▶ WORK TO BE COMPLETED
In the records below, find the line containing "a Magpie. Below" and print it and every line after it exactly, through the end. Skip pictures.

Stored items from a collection
------------------------------------------------

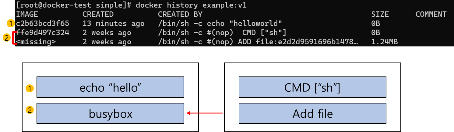 docker history명령어를 사용하면 이미지 레이어 전체를 볼 수 있습니다. 레이어 2개라고 예상했지만 실제로는 3개의 레이어가 보입니다. busybox이미지가 2개의 레이어로 구성되어서 총 3개의 레이어가 있습니다.
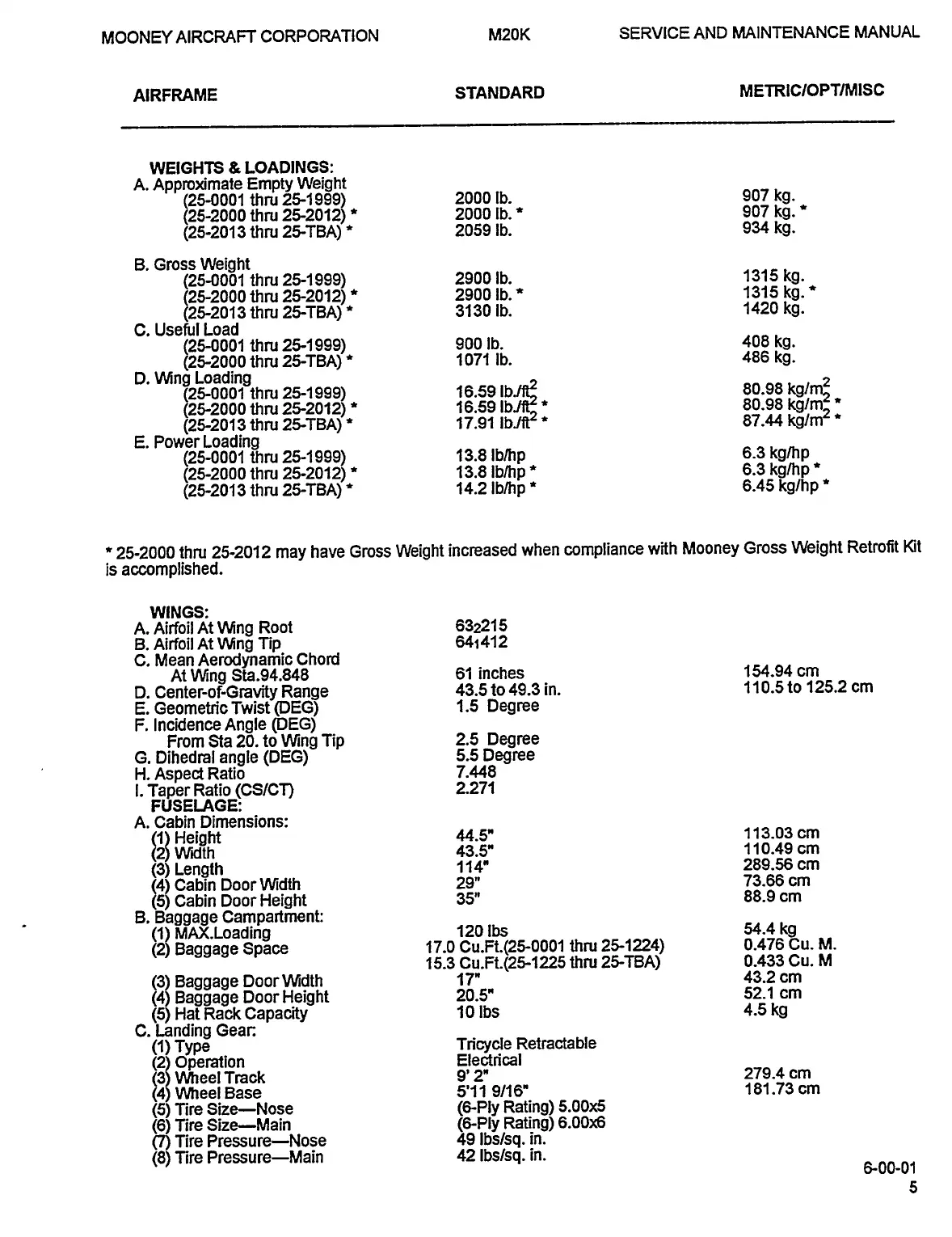 Mooney M20K - Weights & Loadings; Fuselage
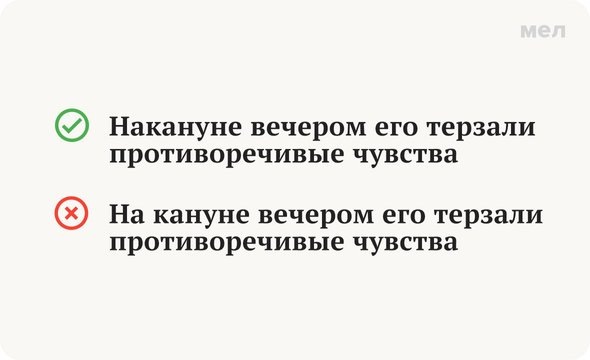 Есть такие правила, которые в трудных случаях хочется применить автоматически. Первое из них — проверка ударением безударных гласных. Второе (или, может быть, третье) — проверка слитного или раздельного написания наречий отделением предполагаемого предлога от основной части — если смысл теряется, значит, надо писать слитно. Как, например, со словом «вдребезги». Но сегодняшний пример так проверить нельзя. Правильно: накануне Разбор таких случаев всегда начинаем с определения части речи: если перед нами наречие, его (в большинстве случаев) нужно писать слитно, если существительное с предлогом — раздельно. В нашем сегодняшнем примере слово «накануне» отвечает на вопрос «когда?» и означает «в день, предшествующий какому-то другому дню или событию». Слово не склоняется по падежам, то есть является неизменяемым. Также оно зависит от глагола («терзали»). По этим трем признакам делаем вывод, что перед нами наречие. Вспоминаем правило: наречия, образованные от существительных, имеющих пространс
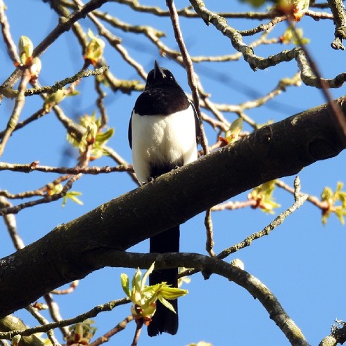 a Magpie. Below it there were no fewer that six small birds hopping between the lower twigs and
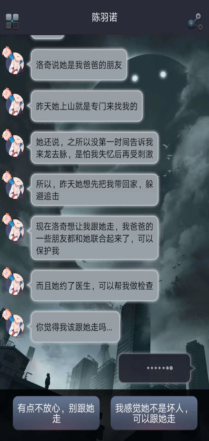 3、第二日第二篇中,在陈羽诺选择是否去医院时,选择“有点不放心,别跟他走”。(选择第二个选项后,陈羽诺会在路上遭遇不幸。失去联络)
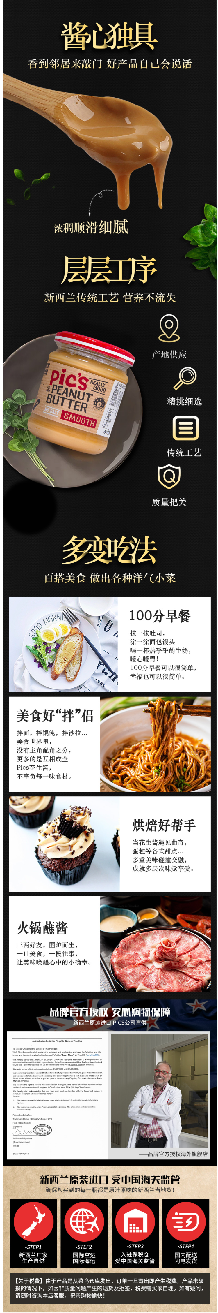 Pics的花生酱是新西兰国宝级的花生酱,也是全球最畅销的花生酱,在2014年新西兰最佳儿童食品提名奖1、2016年获得了世界星级美食大赛GREAT TASTE大奖,这个奖项堪称食品界的“奥斯卡”,含金量无可争议。
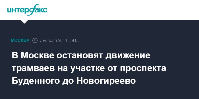 Москва. 7 ноября. INTERFAX.RU - В связи с переключением трамвайных путей в зоне строительства Северо-Восточной хорды на шоссе Энтузиастов 8 и 9 ноября закрывается трамвайное движение на участке от проспекта Буденного до Новогиреево, сообщили "Интерфаксу" в пресс-службе ГУП "Мосгортранс" в пятницу.
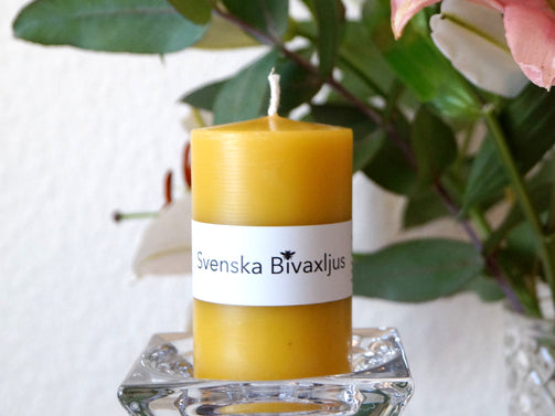 Vackert blockljus av svenskt bivax. Handstöpt på traditionellt vis. Brinner hela 50 timmar med klar, stadig låga. Sotar inte!
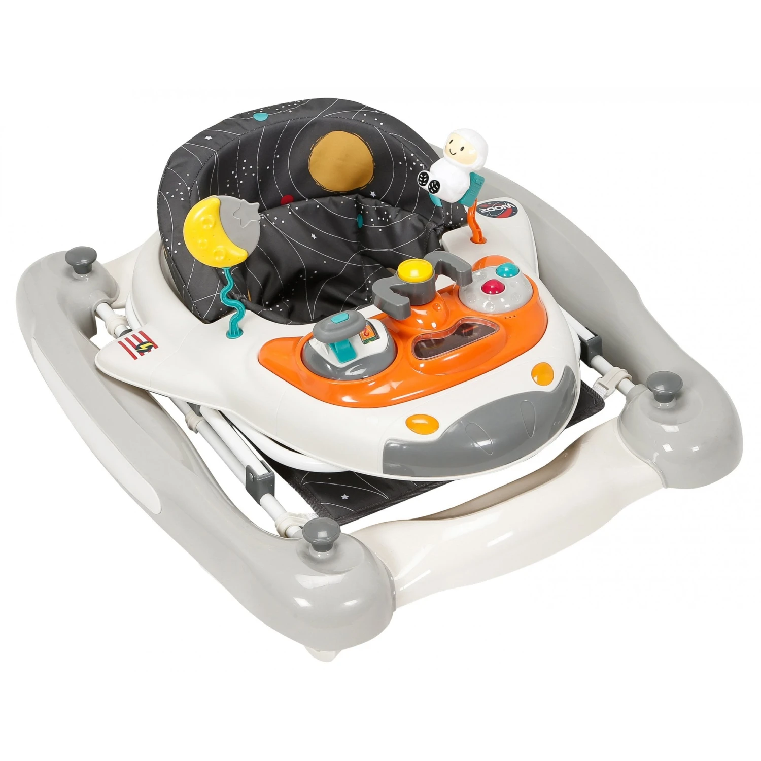 Give your little explorer a cosmic experience on board our out-of-this-world 2 in 1 space shuttle walker/rocker*.Packed with deep space activities including a musical light-up control panel, steering tiller and thruster, moon teether, countdown spinner plus a squeaky friendly astronaut companion, it promises heaps of fun filled freedom. Featuring a soft padded seat and anti-tip pads, the walker folds flat for convenient storage, making it a great solution for smaller homes or apartments.
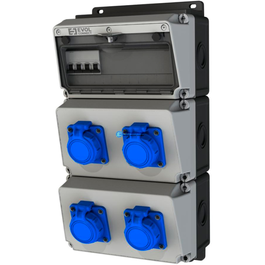 | Комплектация: | вход – сальник М32 – 1 шт|клеммы 10 мм – 1 комп|разъемы – розетка schuko (16A/220v/3p/IP68) – 4 шт|защита – автоматический выключатель (1p 16A С 6кА) – 4 шт, |
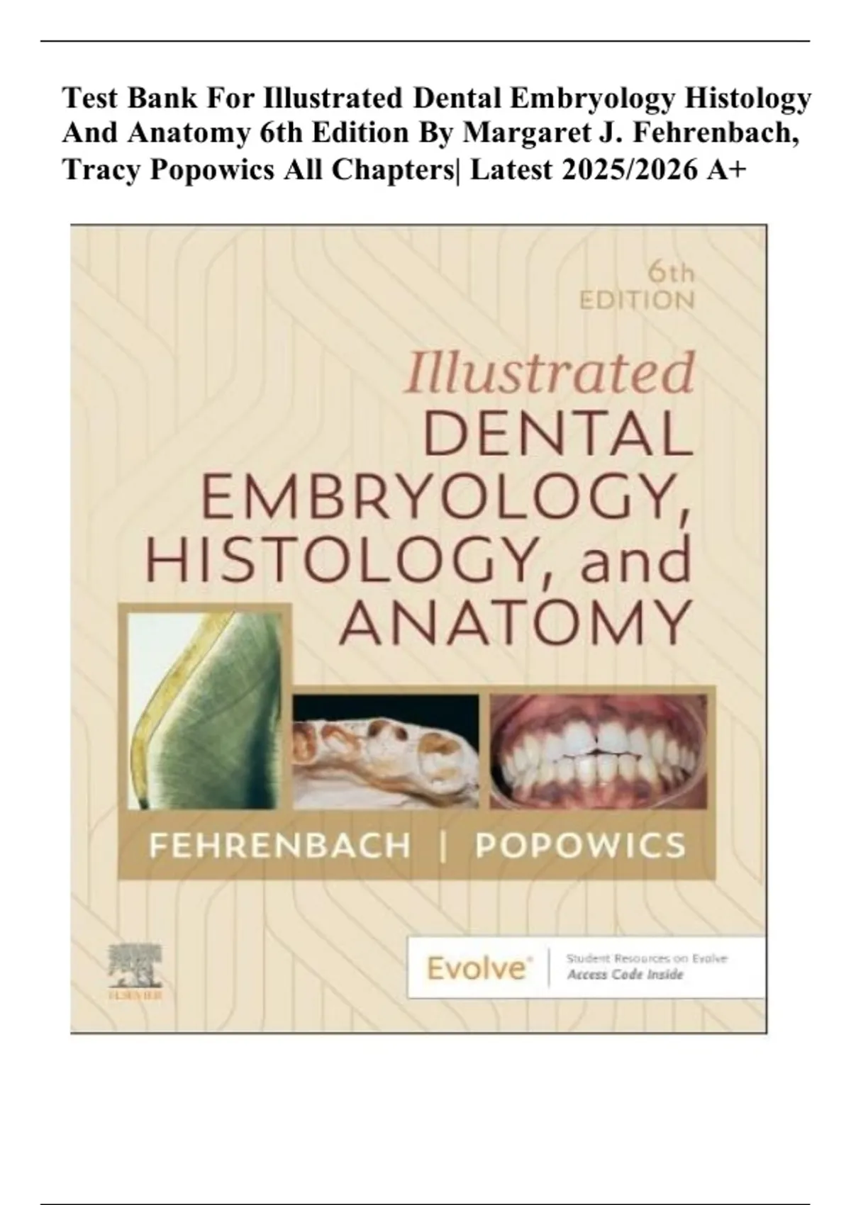 Test Bank For Illustrated Dental Embryology Histology And Anatomy 6th Edition By Margaret J. Fehrenbach, Tracy Popowics All Chapters| Latest 2025/2026 A+

------------------------------------------------

▶ RESPONSE
 a Magpie. Below it there were no fewer that six small birds hopping between the lower twigs and
 3、第二日第二篇中,在陈羽诺选择是否去医院时,选择“有点不放心,别跟他走”。(选择第二个选项后,陈羽诺会在路上遭遇不幸。失去联络)
 Pics的花生酱是新西兰国宝级的花生酱,也是全球最畅销的花生酱,在2014年新西兰最佳儿童食品提名奖1、2016年获得了世界星级美食大赛GREAT TASTE大奖,这个奖项堪称食品界的“奥斯卡”,含金量无可争议。
 Москва. 7 ноября. INTERFAX.RU - В связи с переключением трамвайных путей в зоне строительства Северо-Восточной хорды на шоссе Энтузиастов 8 и 9 ноября закрывается трамвайное движение на участке от проспекта Буденного до Новогиреево, сообщили "Интерфаксу" в пресс-службе ГУП "Мосгортранс" в пятницу.
 Vackert blockljus av svenskt bivax. Handstöpt på traditionellt vis. Brinner hela 50 timmar med klar, stadig låga. Sotar inte!
 Give your little explorer a cosmic experience on board our out-of-this-world 2 in 1 space shuttle walker/rocker*.Packed with deep space activities including a musical light-up control panel, steering tiller and thruster, moon teether, countdown spinner plus a squeaky friendly astronaut companion, it promises heaps of fun filled freedom. Featuring a soft padded seat and anti-tip pads, the walker folds flat for convenient storage, making it a great solution for smaller homes or apartments.
 | Комплектация: | вход – сальник М32 – 1 шт|клеммы 10 мм – 1 комп|разъемы – розетка schuko (16A/220v/3p/IP68) – 4 шт|защита – автоматический выключатель (1p 16A С 6кА) – 4 шт, |
 Test Bank For Illustrated Dental Embryology Histology And Anatomy 6th Edition By Margaret J. Fehrenbach, Tracy Popowics All Chapters| Latest 2025/2026 A+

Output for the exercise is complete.